Audit is a part of internal control system of any large company today. Optimized usage of constrained audit resources can improve management control effectiveness and assure compliance with regulatory requirements. Therefore, risk-based audit should work on topics in most important areas (Griffiths, 2016; Pickett, 2013). However, in spite of development in the area of risk management and auditing techniques, there is no properly established connection between risk assessment and audit planning.
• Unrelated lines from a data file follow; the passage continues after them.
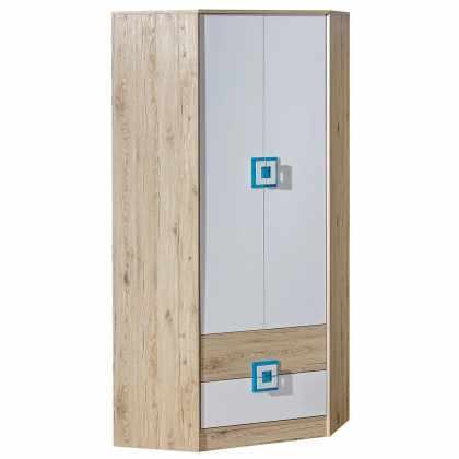 Rohová skriňa Niczi NI02, Farby: dub svetlý / biely + tyrkysový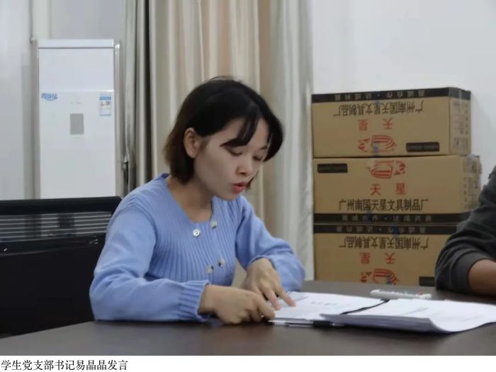 本校讯(艺术系宣传部 邓堪柳)2021年11月15日中午12点10分,艺术系学生党支部于艺术楼会议室召开了关于“学习党的十九届六中全会精神”的会议,党总支书记赵宁、学生党支部书记易晶晶、学生二十七期建党对象及二十八期发展对象参会。
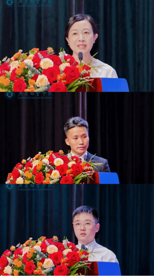 校友代表2022届校友王盈东毕业后成为一名广东高校毕业生志愿服务乡村振兴行动的志愿者。2023年当选广东省出席中国共产主义青年团第十九次全国代表大会代表并参会,同年12月,荣获共青团中央颁发的第十四届中国青年志愿者优秀个人奖。在发言中,他讲述了3年来志愿服务的初心和经历。3年间他走遍17个镇,从助农直播磕巴新手蜕变为方言交流能手,更带领少先队员拍摄宣传片引发40万网友共鸣。他用热鸡蛋比荣誉珍贵的故事印证:“小岗位能扛大担当。”呼吁毕业生向下扎根淬炼本领:“当青春与泥土芬芳交织,向上生长时必将触碰星光!”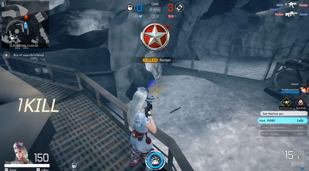 ที่ใช้ในด่าน แนะนำเป็นสไนเปอร์ เพราะ Veronica จะค่อนไปทางสายซัพพอร์ตมากกว่า การที่อยู่ไกลๆ คอยส่องยิงสวยๆ และรอสกิลคูลดาวน์กดฮีลเพื่อนให้ทันตลอดเกมหรือจะคอยแอสซิสให้เพื่อนนั้นสำคัญกว่าการเก็บแต้มคิลแบบบ้าคลั่ง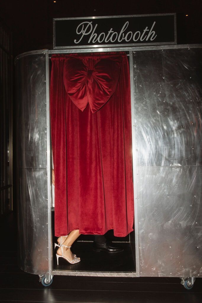 Фотобудка на свадьбе особенно хорошо работает в начале банкета — в тот момент, когда гости только собираются, осматриваются и ещё не до конца понимают формат вечера. Она быстро становится точкой притяжения и помогает снять неловкость: гости постепенно включаются в процесс, знакомятся друг с другом и начинают взаимодействовать.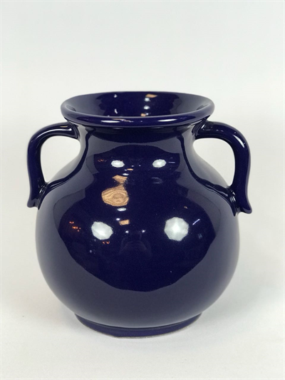 Vaso cerâmica azul cobalto baixo com alça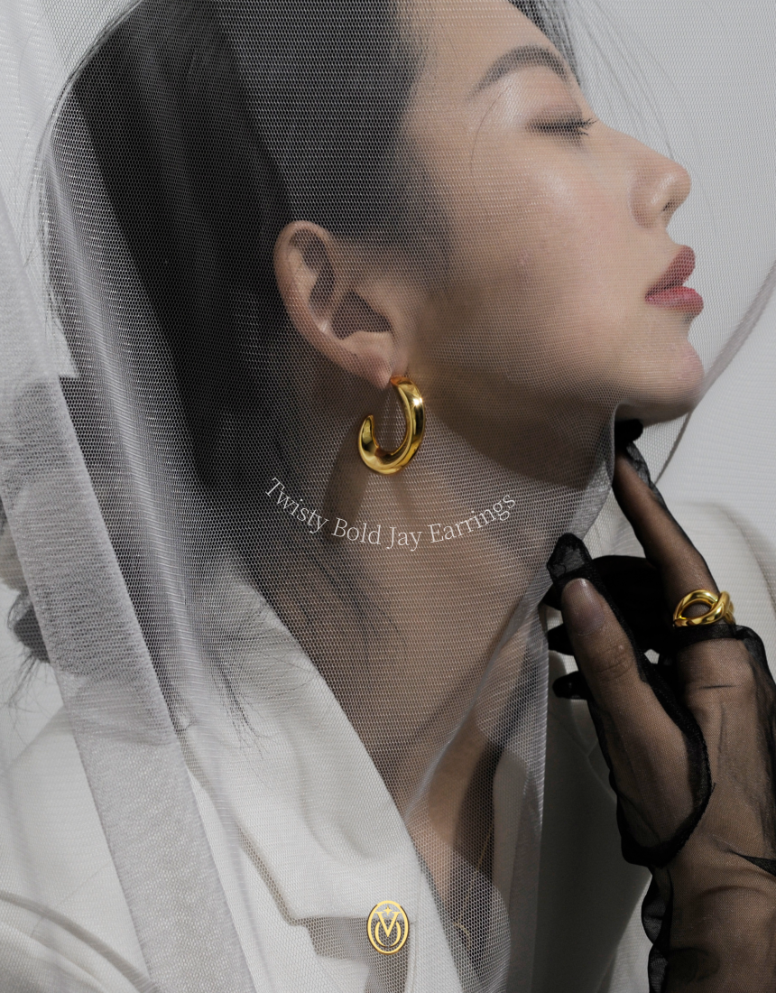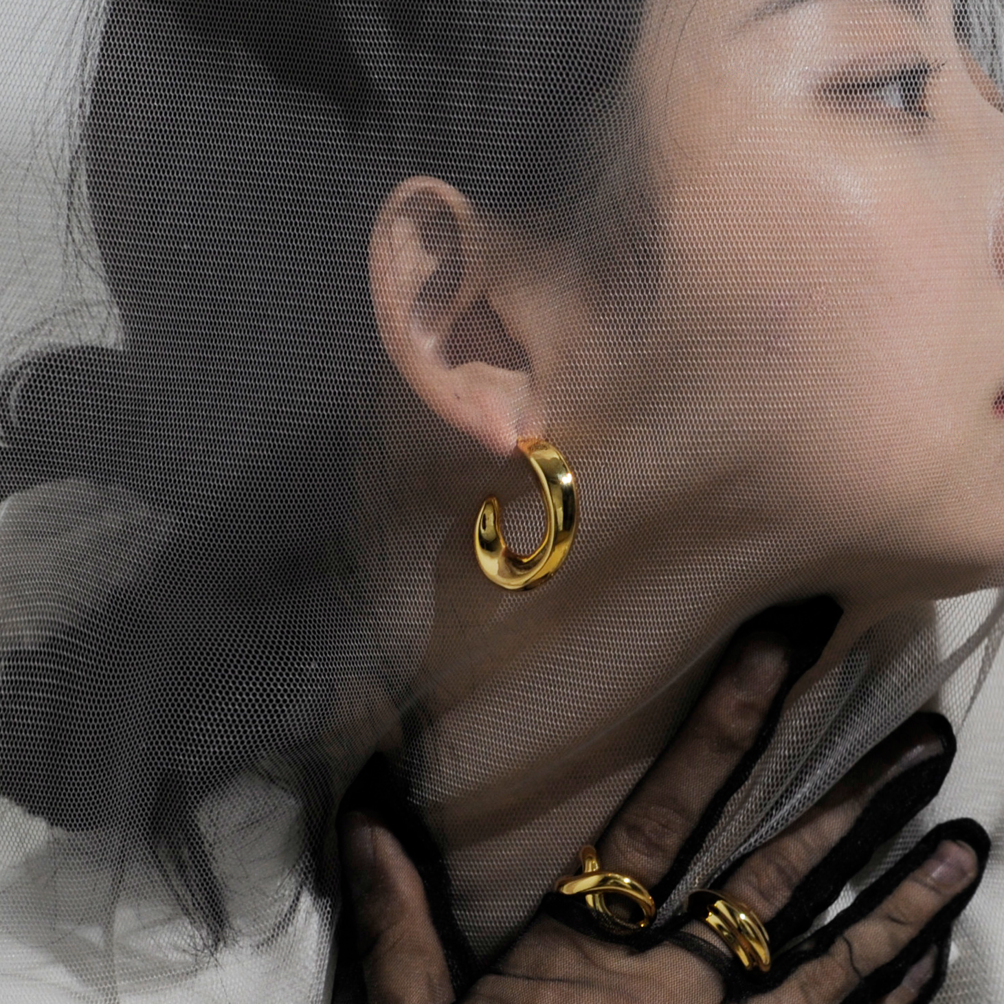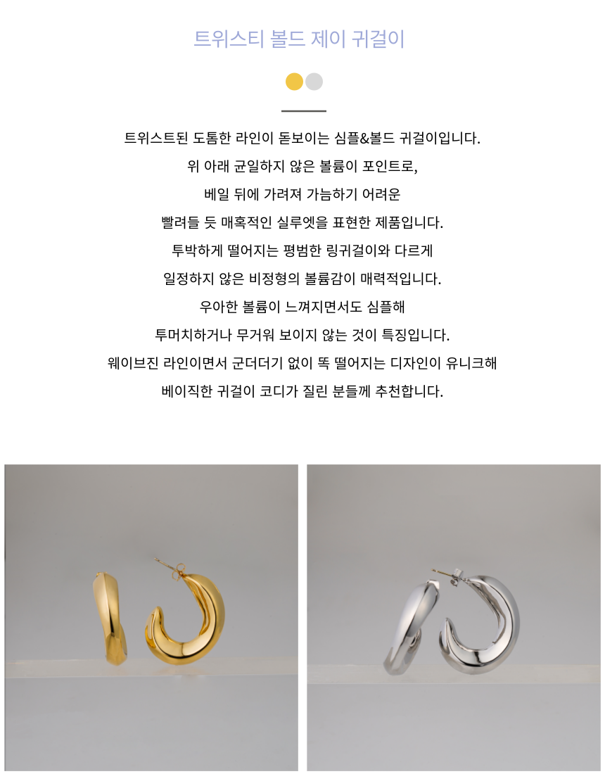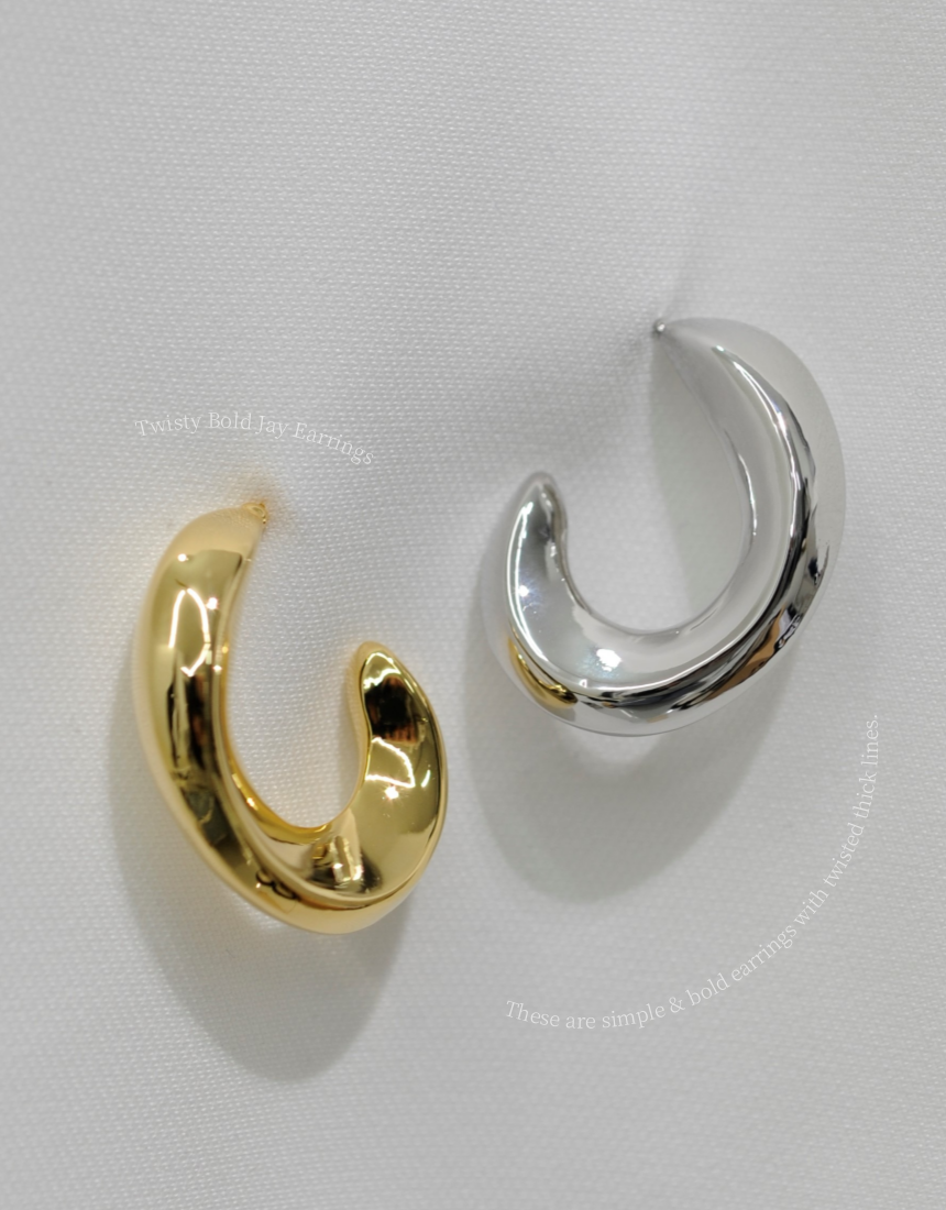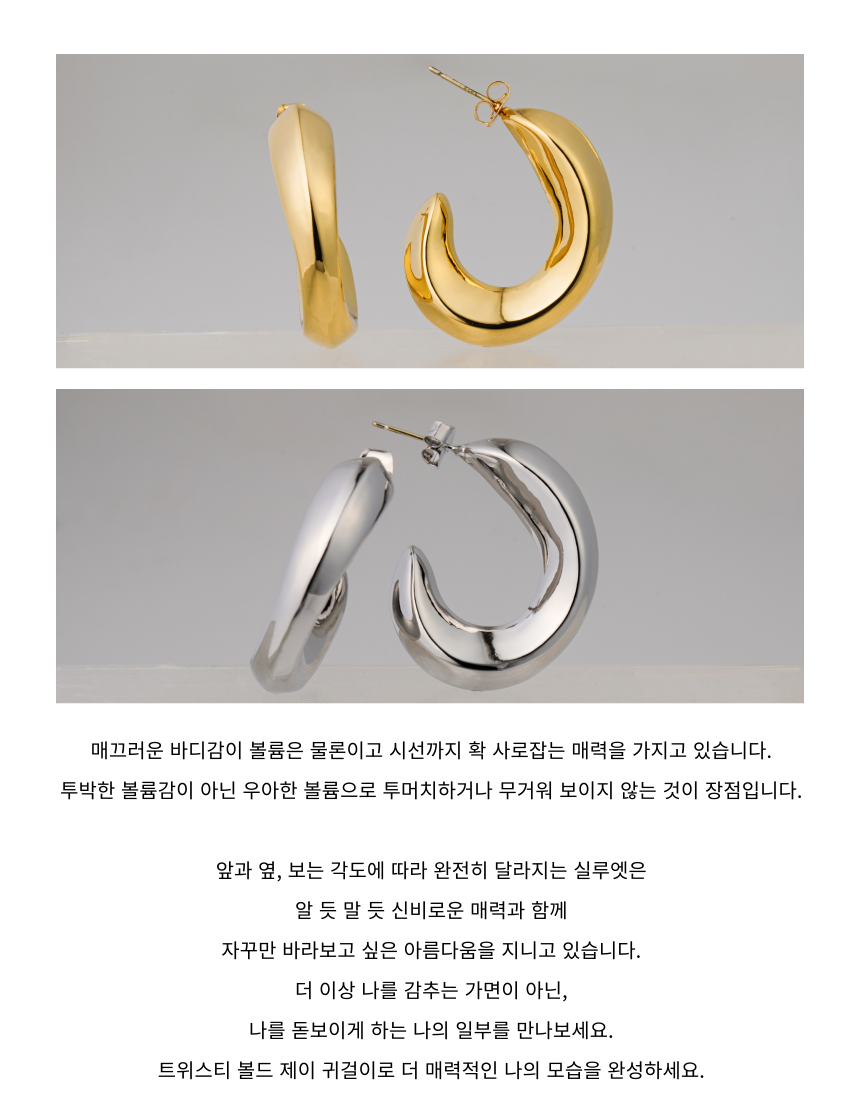 트위스트된 도톰한 라인이 돋보이는 심플&볼드 귀걸이

Audit function generally plans its activity for a certain time horizon, i.e. a year or more. The plan is based on aggregated enterprise risk assessment and independent audit risk assessment of the most important areas of business processes and internal functions. Some topics may be prescribed by regulators or shareholders and therefore have to be included in the plan. All other possible areas constitute a set of topics that needs prioritization with regard to risk such that audit adds most value to the organization. Current practices of dimensional attribute aggregation for prioritization of audit areas in risk based audit planning is evaluated below using three typical approaches to risk-based audit area prioritization.

While auditing manuals and books provide certain guidance on planning, it is generally based on ordinal subjective scores, e.g. using a scale [0, 1, 2, 3, 4, 5] with weighted average (WA) as the aggregation function (Davis et al. 2011; Griffiths, 2016; Pickett, 2013; Rehage et al., 2008). Application of this kind of scale lacks any theoretical background from mathematics (Thomas et al., 2013). Some guides do not address this topic at all, e.g. (Cannon, et al., 2016; Hall, 2011; Senft et al., 2012). This is unfortunate because audit should concentrate on the most relevant problems. Inability to identify and prioritize the most important problems is a control deficiency itself.
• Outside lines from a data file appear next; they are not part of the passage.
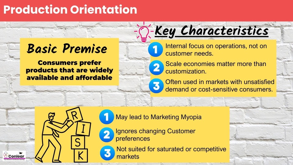 Production orientation is a historically significant marketing philosophy that emphasizes operational efficiency, cost leadership, and broad accessibility. While it laid the foundation for mass market success during the industrial and early post-industrial eras, its limitations in addressing dynamic customer preferences have become increasingly evident. In today’s world, while elements of production orientation remain useful, especially for cost-sensitive markets, they must be blended with modern marketing approaches that put the customer at the center.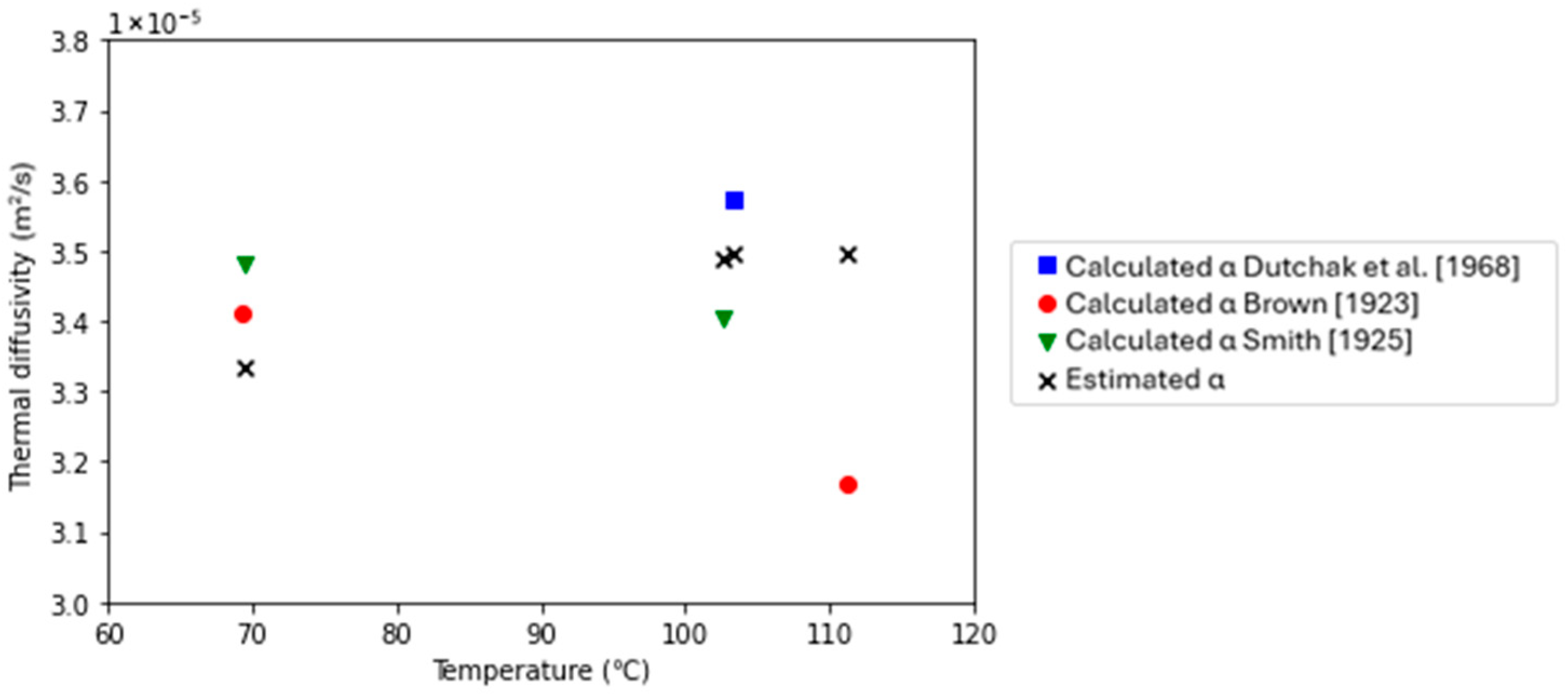 | Temperature °C | Ref. Number | Av. α_Ref. m2/s | α_Est. m2/s | Difference % |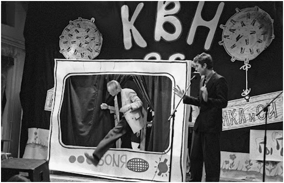 Перші прояви українського сценічного гумору можна простежити ще у вертепному театрі (ляльковий театр), що виник у XVII столітті. Вертепні вистави зазвичай проводили в двоповерховій дерев’яній скриньці, що складалася з двох частин – верхньої та нижньої сцени, де вища сцена відтворювала релігійні сюжети, тоді як нижня ставала майданчиком для сатири, у котрій висміювали представників влади, чиновників та багатіїв. Уже тоді використовували гротеск та гіперболу, створювали перші карикатурні образи.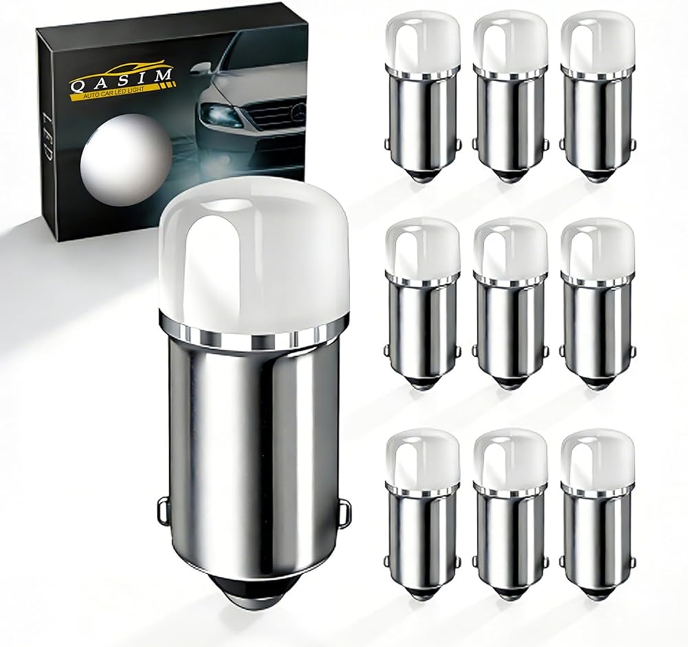 QasimLed Bayonet BA9 BA9S 53 57 1895 64111 T4W Super Stable and Bright Led Bulbs Exterior Marker Indicator Interior Reverse Side Corner Light White 12V DC 10pcs

A decision maker in this context is an audit manager who is responsible for audit plan development. Which areas are the most critical and need frequent coverage and which are less critical and require less frequent testing? There is a necessity for optimal resource allocation with regard to criticality of different audit assignments. The issue has a broad set of problems, e.g. how to estimate risks and necessary resources for certain tasks, the duration of the audits, the effectiveness of the audit and others.
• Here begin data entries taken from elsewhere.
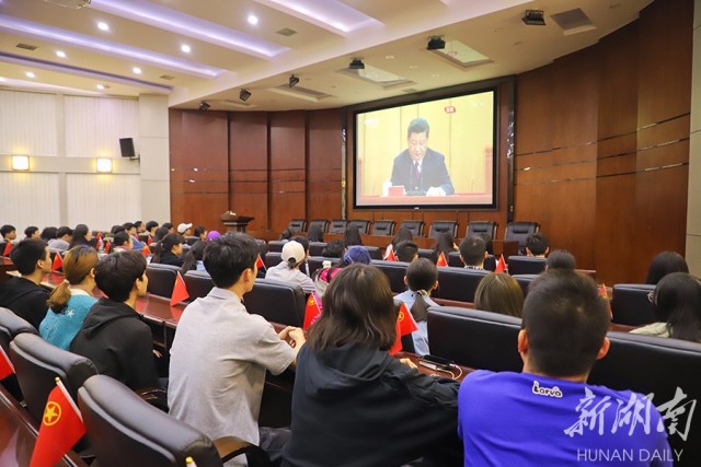 4月30日上午10时30分,湖南中医药大学校团委及各二级学院集中组织青年学生积极收看纪念五四运动100周年大会。青年学生们都观看得十分认真。(张觅 张斯皓 摄影报道)
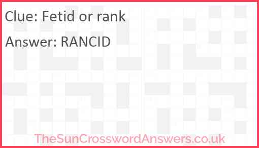 Fetid or rank is a crossword clue for which we have 1 possible answer and we have spotted 6 times in our database. This crossword clue was last seen on 18 February 2024 in The Sun Coffee Time Crossword puzzle!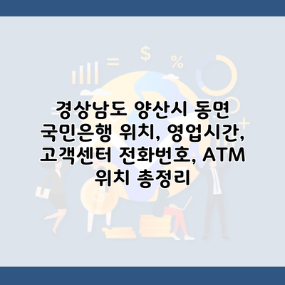 국민은행은 많은 사람들에게 신뢰받는 금융 서비스 제공자로, 특히 경상남도 양산시 동면 지역에서도 편리한 금융 거래를 지원하고 있어요. 이번 포스팅에서는 양산시 동면 국민은행의 위치, 영업시간, 고객센터 전화번호, ATM 위치에 대해 상세히 알아보겠습니다.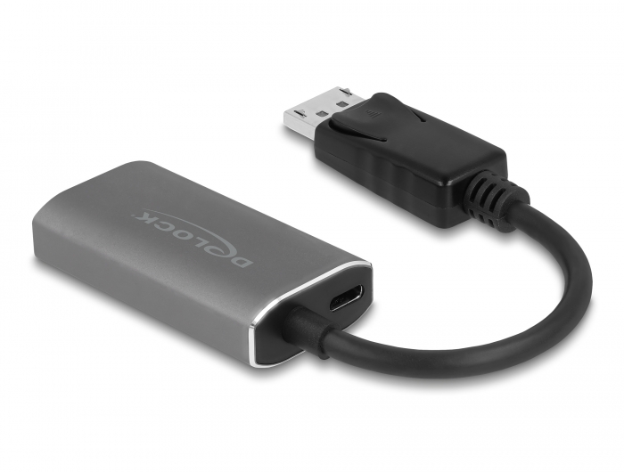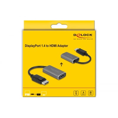 Denne adapter fra Delock muliggør tilslutning af en HDMI-skærm, projektor eller TV til en enhed med en ledig DisplayPort-interface. Takket være de kompakte dimensioner er adapteren ideel at have med på farten.

Current practice (Cannon et al., 2016; Davis, et al., 2011; Griffiths, 2016; Hall, 2011; Pickett, 2013; Rehage et al., 2008; Senft et al., 2012) works with subjective estimates based on past experience and level of required assurance. Unfortunately, there is no recognized general model how to perform ranking of possible audit areas methodologically. Addressing this gap can contribute to audit practice. Therefore, application of a new dimensional aggregation approach to the problem of choice of possible audit areas (alternatives) according to their estimated or measured properties (attributes) is a valuable contribution.

Griffiths (2016, pp. 73-95) and Rehage et al. (2008) introduce a scored risk analysis model for audit plan development based on subjective ordinal scores. Prioritization of the audit areas and the schedule are performed based on the overall risk score of the possible areas of audit. The Griffiths’ model (Griffiths, 2016) considers three large sets of key risk factors: size of the risk or exposure, controls in place and likelihood of audit effectiveness. First, audit activities from the audit universe are combined with information from risk register and matrix, and then with information about existing controls and respective assurance level. On that ground, subjective scores for risk subfactors of the three main factor sets above are produced. Risks are assessed on the scale from 1 (smallest) to 5 (largest). There are weights for each factor that constitute importance in the final formula. The weights only can take values 1, 2 or 3, and the three main factor sets are not weighted (i.e. have equal importance). Next, all the scores are aggregated using weighted sum to a final score (Griffiths, 2016, p. 85). The final risk score is then normalized by multiplying it by an arbitrary value of 200. The larger the result, the more important the area is for auditing. This final score value is then compared to predefined ranges to obtain the relative priority of the areas.